長生きできる食習慣

東城先生ランチ写真(日刊スパ用)

あなたと健康社での昼食のようす。「いただきます」と唱和する前の合掌。


健康長寿にはわけがある

 来月、満93歳となる現役の自然食・自然療法研究家・東城百合子先生の『長生きできる食習慣』(育鵬社)という本を刊行した。
 副題は「健康長寿にはわけがある」。
 世界の長寿者がどんな食生活を送ってきたのか、どのような人生を送ってきたのか、など、著者の現地取材とともに綴られている。
 また、生活習慣病予防と太りすぎ対策など、身近で具体的な話題も多く収録しているのでご参考いただきたい。

「食事を共にするとは、大きな力」


 さて、本稿はその編集裏話を少し。

 東城先生との打ち合わせは、成城の「あなたと健康社」で、たいていお昼少し前の時間にセットされる。それは先生が、料理教室での講義を終えて、事務所に戻られる時間だからだ。
 先生はいつお会いしても「情熱的」で、熱い言葉で、今日の私たちの望ましい生き方を説かれる。92歳の先生の情熱のほとばしりに、毎回、感動してしまう。
 ひととおり本の打ち合わせをし、先生のお話をうかがうと、「一緒にお昼を食べていきなさい」とおっしゃって、お昼をごちそうしてくださるのだ。

 あなたと健康社の皆さんは、お昼ご飯を全員が一緒にいただく。まさに「同じ釜の飯」なのである。
 私は、我ながら厚かましい奴だと思いながらも、いつもそこに加わらせていただく。

 外食では決して食べられない100%手づくりの和食のお昼ご飯。いや、今時、家庭でも、こうしたお昼ご飯はなかなか食べられないだろう。
 「豪華」というのとは違う。だが、すべては自然のもの。このご時世では「贅沢」なお昼ご飯なのだ。

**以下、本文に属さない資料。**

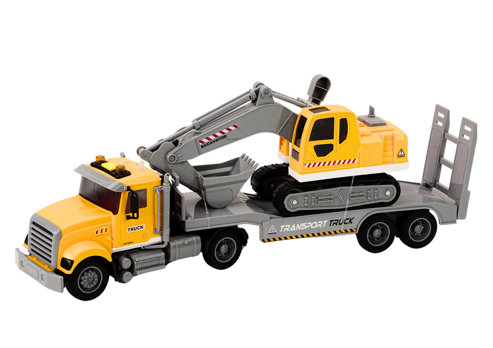 - The yellow Lora truck with a crawler excavator offers realistic fun with light and sound effects. The excavator has a steerable bucket and a rubber drive, and the truck has a friction drive, which adds dynamics and develops the child's imagination.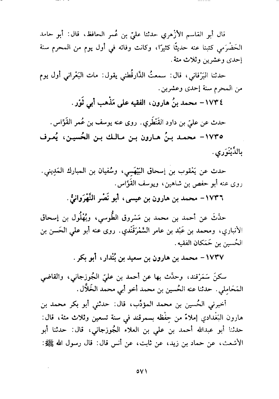 1736 - محمد بن هارون بن عيسى أبو نصر النهرواني حدث عن: أحمد بن محمد بن مسروق الطوسي، وبهلول بن إسحاق الأنباري، ومحمد بن عبد بن عامر السمرقندي.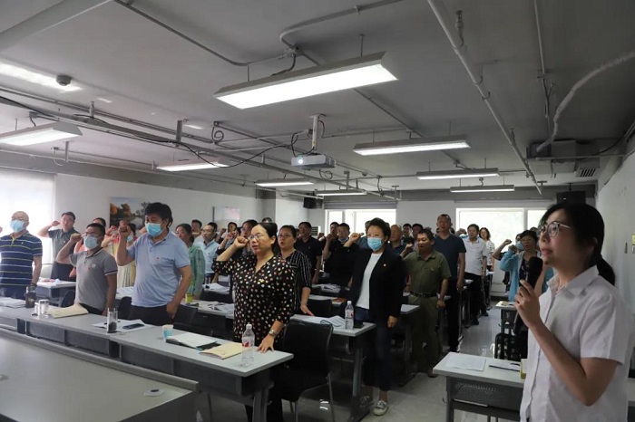参加培训的党支部书记面对鲜红的党旗,庄严地举起右手,党旗前重温入党誓词,“我志愿加入中国共产党……”一句句誓词铿锵有力,声声震耳。这是初心使命的再宣示,这是接续奋斗的再出发,更加明确了奋勇拼搏的使命责任,要为打造创新型企业集团作出积极贡献。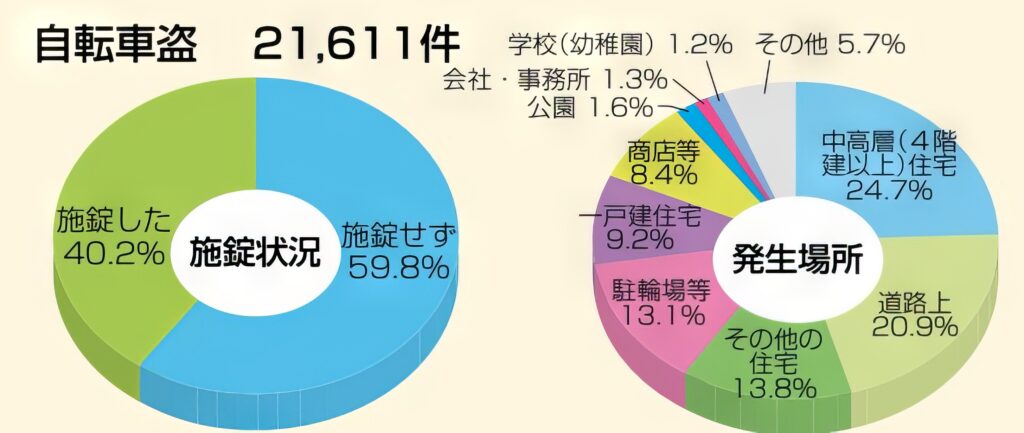 左側の円グラフのように、「施錠せず」の件数がやはり多いですが、「施錠した」のにも関わらず自転車を盗られた人が4割もいるので、鍵をかけたら安心というわけではないということです。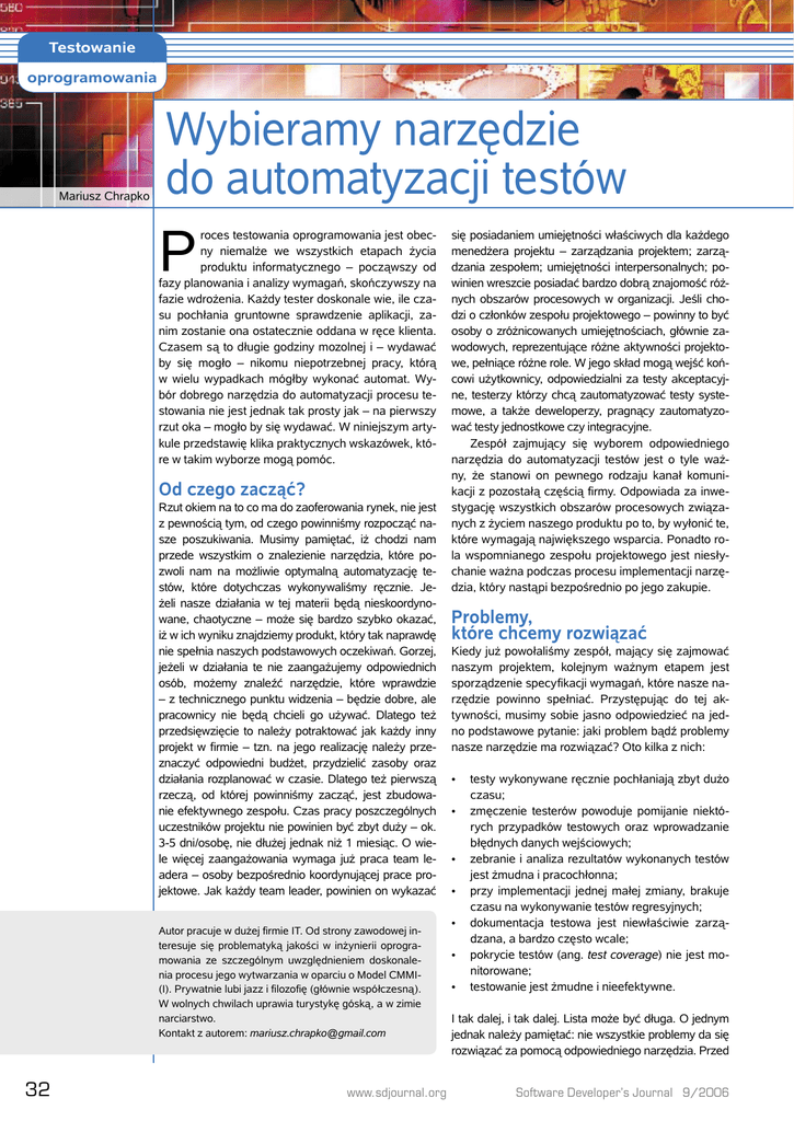 Testowanie oprogramowania Mariusz Chrapko Wybieramy narzędzie do automatyzacji testów P roces testowania oprogramowania jest obecny niemalże we wszystkich etapach życia produktu informatycznego – począwszy od fazy planowania i analizy wymagań, skończywszy na fazie wdrożenia. Każdy tester doskonale wie, ile czasu pochłania gruntowne sprawdzenie aplikacji, zanim zostanie ona ostatecznie oddana w ręce klienta. Czasem są to długie godziny mozolnej i – wydawać by się mogło – nikomu niepotrzebnej pracy, którą w wielu wypadkach mógłby wykonać automat. Wybór dobrego narzędzia do automatyzacji procesu testowania nie jest jednak tak prosty jak – na pierwszy rzut oka – mogło by się wydawać. W niniejszym artykule przedstawię klika praktycznych wskazówek, które w takim wyborze mogą pomóc. Od czego zacząć? Rzut okiem na to co ma do zaoferowania rynek, nie jest z pewnością tym, od czego powinniśmy rozpocząć nasze poszukiwania. Musimy pamiętać, iż chodzi nam przede wszystkim o znalezienie narzędzia, które pozwoli nam na możliwie optymalną automatyzację testów, które dotychczas wykonywaliśmy ręcznie. Jeżeli nasze działania w tej materii będą nieskoordynowane, chaotyczne – może się bardzo szybko okazać, iż w ich wyniku znajdziemy produkt, który tak naprawdę nie spełnia naszych podstawowych oczekiwań. Gorzej, jeżeli w działania te nie zaangażujemy odpowiednich osób, możemy znaleźć narzędzie, które wprawdzie – z technicznego punktu widzenia – będzie dobre, ale pracownicy nie będą chcieli go używać. Dlatego też przedsięwzięcie to należy potraktować jak każdy inny projekt w firmie – tzn. na jego realizację należy przeznaczyć odpowiedni budżet, przydzielić zasoby oraz działania rozplanować w czasie. Dlatego też pierwszą rzeczą, od której powinniśmy zacząć, jest zbudowanie efektywnego zespołu. Czas pracy poszczególnych uczestników projektu nie powinien być zbyt duży – ok. 3-5 dni/osobę, nie dłużej jednak niż 1 miesiąc. O wiele więcej zaangażowania wymaga już praca team leadera – osoby bezpośrednio koordynującej prace projektowe. Jak każdy team leader, powinien on wykazać Autor pracuje w dużej firmie IT. Od strony zawodowej interesuje się problematyką jakości w inżynierii oprogramowania ze szczególnym uwzględnieniem doskonalenia procesu jego wytwarzania w oparciu o Model CMMI(I). Prywatnie lubi jazz i filozofię (głównie współczesną). W wolnych chwilach uprawia turystykę góską, a w zimie narciarstwo. Kontakt z autorem: [email protected] 32 www.sdjournal.org się posiadaniem umiejętności właściwych dla każdego menedżera projektu – zarządzania projektem; zarządzania zespołem; umiejętności interpersonalnych; powinien wreszcie posiadać bardzo dobrą znajomość różnych obszarów procesowych w organizacji. Jeśli chodzi o członków zespołu projektowego – powinny to być osoby o zróżnicowanych umiejętnościach, głównie zawodowych, reprezentujące różne aktywności projektowe, pełniące różne role. W jego skład mogą wejść końcowi użytkownicy, odpowiedzialni za testy akceptacyjne, testerzy którzy chcą zautomatyzować testy systemowe, a także deweloperzy, pragnący zautomatyzować testy jednostkowe czy integracyjne. Zespół zajmujący się wyborem odpowiedniego narzędzia do automatyzacji testów jest o tyle ważny, że stanowi on pewnego rodzaju kanał komunikacji z pozostałą częścią firmy. Odpowiada za inwestygację wszystkich obszarów procesowych związanych z życiem naszego produktu po to, by wyłonić te, które wymagają największego wsparcia. Ponadto rola wspomnianego zespołu projektowego jest niesłychanie ważna podczas procesu implementacji narzędzia, który nastąpi bezpośrednio po jego zakupie. Problemy, które chcemy rozwiązać Kiedy już powołaliśmy zespół, mający się zajmować naszym projektem, kolejnym ważnym etapem jest sporządzenie specyfikacji wymagań, które nasze narzędzie powinno spełniać. Przystępując do tej aktywności, musimy sobie jasno odpowiedzieć na jedno podstawowe pytanie: jaki problem bądź problemy nasze narzędzie ma rozwiązać? Oto kilka z nich: • • • • • • • testy wykonywane ręcznie pochłaniają zbyt dużo czasu; zmęczenie testerów powoduje pomijanie niektórych przypadków testowych oraz wprowadzanie błędnych danych wejściowych; zebranie i analiza rezultatów wykonanych testów jest żmudna i pracochłonna; przy implementacji jednej małej zmiany, brakuje czasu na wykonywanie testów regresyjnych; dokumentacja testowa jest niewłaściwie zarządzana, a bardzo często wcale; pokrycie testów (ang. test coverage) nie jest monitorowane; testowanie jest żmudne i nieefektywne. I tak dalej, i tak dalej. Lista może być długa. O jednym jednak należy pamiętać: nie wszystkie problemy da się rozwiązać za pomocą odpowiedniego narzędzia. Przed Software Developer’s Journal 9/2006 Wybieramy narzędzie do automatyzacji testów zakupami dobrze jest zastanowić się, które z wyszczególnionych problemów jesteśmy w stanie rozwiązać sami, za pomocą dostępnych zasobów w firmie. Na przykład jeżeli nie potrafimy sobie poradzić z właściwym zarządzaniem dokumentacją testową, której jest zbyt dużo, i która jest przechowywana w różnych miejscach na serwerze – może wystarczy delegować do tego jakąś jedną osobę, która po prostu zrobi z tym porządek – wydzieli odpowiednie zasoby dyskowe, utworzy specjalne katalogi, etc. Podobnie w przypadku zapisywania i analizy rezultatów testowych. Niekiedy zwykły arkusz kalkulacyjny może się okazać w zupełności wystarczający. W sytuacji natomiast, gdy wykonywane przez nas testy są mało efektywne, być może należy użyć odpowiednich technik – chociażby takich jak inspekcja, która może być stosowana zarówno w przypadku testowania samego kodu, jak i dokumentacji. Zainteresowanych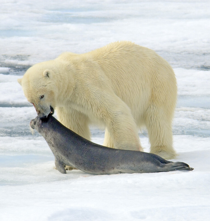 | ▲ 북극곰(Ursus maritimus)과 갓 죽은 수염물범(Erignathus barbatus) 새끼. 북극곰은 주로 먹이의 고에너지 지방을 섭취하여 지방을 축적하고, 종종 대량의 사체 생물량을 버린다. (출처:Predators and scavengers: Polar bears as marine carrion providers / 28 October 2025 / OIKOS) |

 お昼ご飯をいただいているあいだ、自分の体が、それを喜んでいるのがわかる。
 そしてさらに、そこには社員の皆さんの楽しい会話がはずんでいる。

 「こうしたお昼ご飯をいただいていたら、健康にも、さぞいいことだろう」と思っていたら、『長生きできる食習慣』の「あとがき」に、東城先生がそのお昼ご飯について書かれた。
 以下は、その「あとがき」からの引用である。

 「あなたと健康社の昼食は、社員全員が手づくりの副食を持ち寄ります。
 主食の玄米ご飯は、その日の当番が、朝会が終わったら水洗いし、水加減をして1時間ほどおいて、圧力鍋で少し強火の火加減で25分ほど炊きます。代々、先輩が伝え、働きながらおいしく炊き上げます。
 副食は、みんなの持ち寄りを等分に分けてお皿に盛りつけ、主食の玄米ご飯にはすりごまをかけて、全員でおいしくたのしくいただきます。
 一日の食事の一食だけでも、みんなで助け合い、励まし合って同じものを食べるのです。そうすると、料理を学ぶことにもなり、親しみも育ち、病弱者も元気になり、いきいき働く人になって参ります。
 食事を共にするとは、大きな力だと学ぶことになって、人生も明るく変わります。」

 医食同源という言葉があるように、健康の基本は「食」にある。
 92歳現役で日々情熱的に活躍されている東城百合子先生が開陳する健康長寿の秘訣を、ぜひ一読いただきたい。